表观遗传不佳

第6部分:甲基化分析

阿尔玛·兰尼(Alma Laney)和艾莉森·伯恩斯坦(Alison Bernstein)

这是第六个帖子 系列 关于跨世代的遗传,表观遗传学和草甘膦解决了论文发表所提出的问题, 草甘膦诱导的表观遗传的世代遗传的病理学和精子突变的评估:世代毒理学.

甲基化分析是否存在问题?

当本文发表时,Twitter上对图3中的维恩图有很多争议,而且一代又一代缺乏重叠的差异DNA甲基化区域(DMR)。这些批评仅部分有效。在考虑对不同世代的不同影响时要记住的重要一点,父母(P0世代),儿童(F1世代)和孙子(F2世代)的暴露途径和剂量都非常不同,因此我们不一定希望看到在这些世代中,类似的表观遗传结果。如果发生跨代表观遗传,我们可能期望看到表观遗传调控的相似之处,是从孙代(F2代)到曾孙代(F3代)。

甲基化分析
//www.nature.com/articles/s41598-019-42860-0/figures/3

F1和F2之间没有重叠是生物学意义。 F1直接在子宫内暴露,而F2在受精和发育之前作为生殖细胞暴露。有不同的暴露情况,没有理由假设它们必然会产生相似的表观遗传变化模式。但是,如果作者要得出跨代表观遗传的结论,则F2和F3之间的重叠很重要。

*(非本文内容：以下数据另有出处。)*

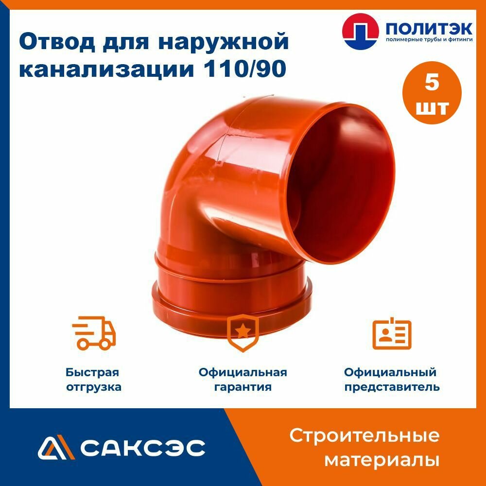 Отвод для наружной канализации 110/90 полипропиленовый, Политэк, 5 шт интересное:
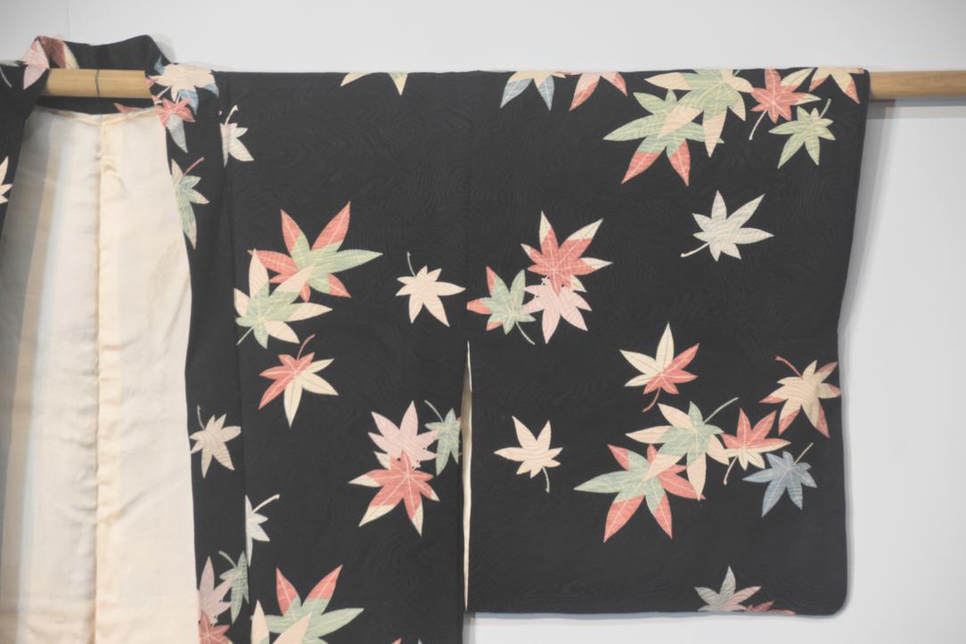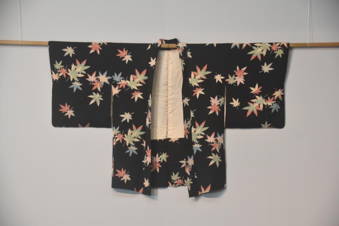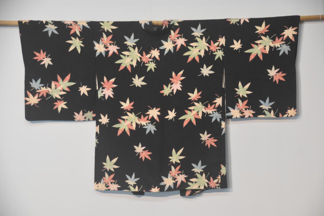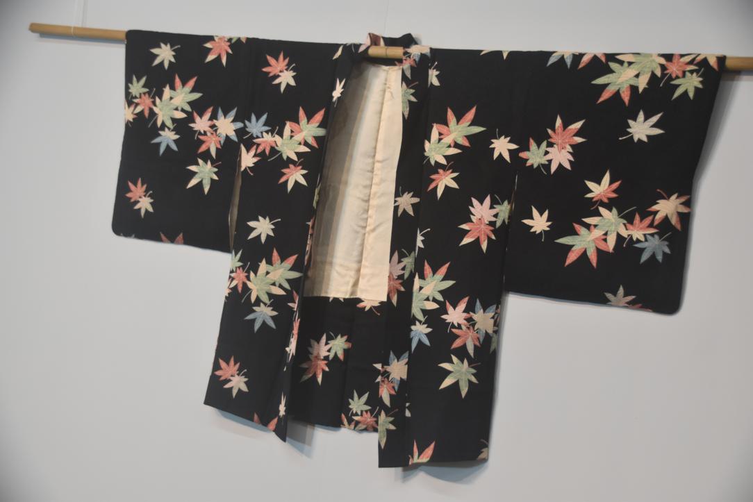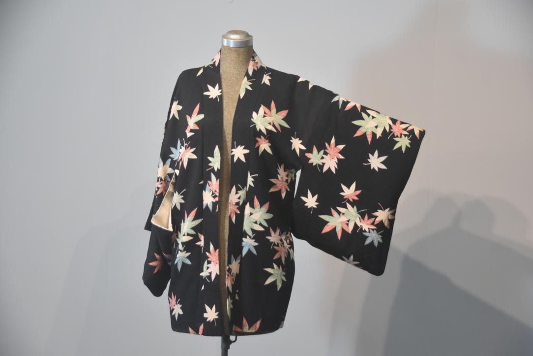 Black Jacquard & Coloured Maple Leaves Silk Vintage Haori Jacket.
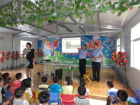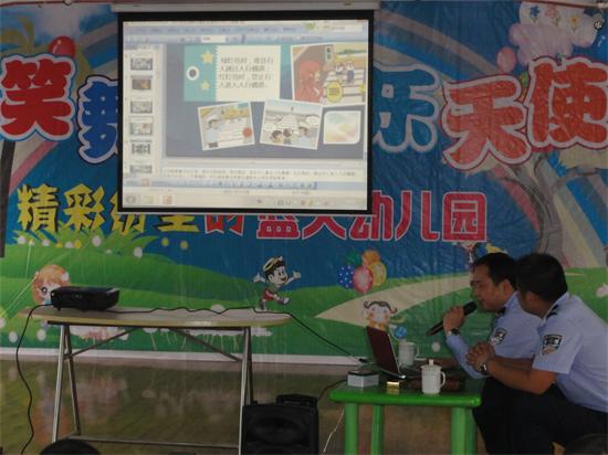 9月26日下午,顺河镇蓝天幼儿园邀请派出所指导员谭华义为二百多名幼儿作专题讲座。

此处的有限重叠与以下想法一致:鉴于大多数基因组都经历了第二次去甲基化浪潮,因此只有有限比例的基因组可用于跨代遗传。在这里,有3个已鉴定的DMR显示了跨代遗传。这低吗?高吗我们确实没有可参考的参考框架。我们所知道的是,如此少量的重叠DMR与本实验室以及其他研究跨代表观遗传遗传的研究相当一致。将这3个DMR表征为可能的跨代遗传的潜在介体似乎是这里最吸引人的发现,但是几乎没有探索这3 DMR的位置以及它们可能在做什么。

鉴于只有3个潜在的基因座可以进行跨代遗传,因此很高兴看到生物学证实显示这些不是3个假阳性(即使像他们一样使用了错误发现率截止值,这仍然是可能的)。 检查这些分子在F2与F2中是高甲基化还是低甲基化也将很有用,并且可以提供典型信息。最后,根据哪些基因组区域比提供的数据更有趣和有益的信息来讨论它们的潜在生物学作用。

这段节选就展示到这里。